MacLean individua tre formazioni anatomiche principali che sono anche funzionali e che si sono sovrapposte, integrandosi, nel corso dell’evoluzione:

  • il cervello rettiliano che rappresenta il cervello più antico, responsabile dei pattern di comportamenti innati e tipici per ogni specie, necessari alla sopravvivenza degli individui e della specie: quindi degli istinti legati alla nutrizione, alla lotta, alla fuga e alla riproduzione;

  • Il cervello paleommammaliano, o sistema limbico, svolge un ruolo importante nell’elaborazione delle emozioni che guidano il comportamento in rapporto ai due principi vitali fondamentali: quello dell’autoconservazione e quello della conservazione della specie. Il sistema limbico è responsabile per le emozioni superiori e per la motivazione, così come per l’apprendimento e la memoria. Pertanto l’emotività è legata a diverse strutture primitive di questo sistema che fornisce, in questo modo, una maggiore flessibilità nel comportamento integrando i messaggi interni ed esterni al corpo.

  • Il cervello neomammaliano, o neocorteccia, è molto sviluppato negli umani ed è la sede del linguaggio, dell’autocoscienza, delle concezioni dello spazio, del tempo, della causalità e, in generale, è la sede di tutti quei comportamenti che richiedono una intelligenza più elaborata per essere prodotti.
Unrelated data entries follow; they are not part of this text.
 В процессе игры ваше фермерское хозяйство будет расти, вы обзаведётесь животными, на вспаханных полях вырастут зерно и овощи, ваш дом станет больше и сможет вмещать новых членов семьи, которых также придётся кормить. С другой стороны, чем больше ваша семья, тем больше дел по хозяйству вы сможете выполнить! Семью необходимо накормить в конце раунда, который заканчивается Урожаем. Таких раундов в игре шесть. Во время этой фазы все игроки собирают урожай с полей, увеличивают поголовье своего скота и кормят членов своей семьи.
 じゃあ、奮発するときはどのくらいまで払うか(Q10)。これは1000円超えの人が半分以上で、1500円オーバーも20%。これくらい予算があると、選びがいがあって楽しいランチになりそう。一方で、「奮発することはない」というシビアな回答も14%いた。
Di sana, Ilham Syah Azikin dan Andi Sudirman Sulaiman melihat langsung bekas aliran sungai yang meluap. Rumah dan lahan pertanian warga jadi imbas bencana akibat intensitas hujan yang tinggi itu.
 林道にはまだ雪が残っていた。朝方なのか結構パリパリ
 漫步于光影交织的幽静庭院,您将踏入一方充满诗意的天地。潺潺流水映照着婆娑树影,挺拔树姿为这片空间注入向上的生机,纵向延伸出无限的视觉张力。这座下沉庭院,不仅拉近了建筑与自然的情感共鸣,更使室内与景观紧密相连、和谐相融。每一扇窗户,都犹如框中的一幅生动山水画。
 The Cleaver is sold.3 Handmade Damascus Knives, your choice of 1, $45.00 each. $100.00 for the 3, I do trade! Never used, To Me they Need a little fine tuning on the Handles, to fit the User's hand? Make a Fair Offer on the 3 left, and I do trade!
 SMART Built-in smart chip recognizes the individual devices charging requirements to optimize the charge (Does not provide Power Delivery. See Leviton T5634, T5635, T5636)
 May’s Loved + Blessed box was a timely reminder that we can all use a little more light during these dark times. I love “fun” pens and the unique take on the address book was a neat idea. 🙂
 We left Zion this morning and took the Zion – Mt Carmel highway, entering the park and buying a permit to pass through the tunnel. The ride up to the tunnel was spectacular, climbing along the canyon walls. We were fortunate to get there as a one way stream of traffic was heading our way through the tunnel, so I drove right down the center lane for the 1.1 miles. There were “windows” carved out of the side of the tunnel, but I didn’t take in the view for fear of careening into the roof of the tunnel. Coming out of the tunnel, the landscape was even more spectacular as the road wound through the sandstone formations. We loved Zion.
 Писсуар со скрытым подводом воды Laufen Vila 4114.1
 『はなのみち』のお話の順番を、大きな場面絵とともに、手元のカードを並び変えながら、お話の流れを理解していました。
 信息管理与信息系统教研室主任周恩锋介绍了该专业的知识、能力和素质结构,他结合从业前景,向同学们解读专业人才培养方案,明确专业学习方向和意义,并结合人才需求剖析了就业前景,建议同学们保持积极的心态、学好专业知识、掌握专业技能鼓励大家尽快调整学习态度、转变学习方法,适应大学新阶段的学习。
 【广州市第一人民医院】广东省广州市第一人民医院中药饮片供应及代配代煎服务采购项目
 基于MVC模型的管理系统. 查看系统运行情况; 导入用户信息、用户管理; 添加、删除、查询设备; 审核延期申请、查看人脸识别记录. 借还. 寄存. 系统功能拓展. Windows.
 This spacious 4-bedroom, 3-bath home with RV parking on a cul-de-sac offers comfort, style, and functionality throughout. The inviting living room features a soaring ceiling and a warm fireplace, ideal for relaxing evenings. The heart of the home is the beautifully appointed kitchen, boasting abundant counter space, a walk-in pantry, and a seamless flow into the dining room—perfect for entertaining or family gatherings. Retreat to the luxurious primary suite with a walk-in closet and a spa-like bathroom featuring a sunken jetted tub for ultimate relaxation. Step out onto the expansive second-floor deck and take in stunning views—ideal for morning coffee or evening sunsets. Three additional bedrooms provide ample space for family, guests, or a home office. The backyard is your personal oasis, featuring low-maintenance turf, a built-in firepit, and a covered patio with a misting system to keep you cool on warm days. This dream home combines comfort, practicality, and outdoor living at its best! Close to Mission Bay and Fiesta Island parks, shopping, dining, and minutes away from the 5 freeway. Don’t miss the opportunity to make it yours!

L'origine NEUROevolutiva delle EMOZIONI

di J. Panksepp

Panksepp assume una posizione netta all’interno del dibattito che contrappone una concezione categoriale delle emozioni di base ad un’altra dimensionale; si distingue inoltre dai neuroscienziati cognitivisti che attribuiscono alle regioni sottocorticali l’attività cerebrale all’origine delle reazioni viscerali (variazioni nel battito cardiaco e nella pressione sanguigna, secrezioni di cortisolo) e dei comportamenti emotivo-istintivi, ma che non riconoscono a queste aree ancestrali del cervello la capacità di generare sentimenti affettivi.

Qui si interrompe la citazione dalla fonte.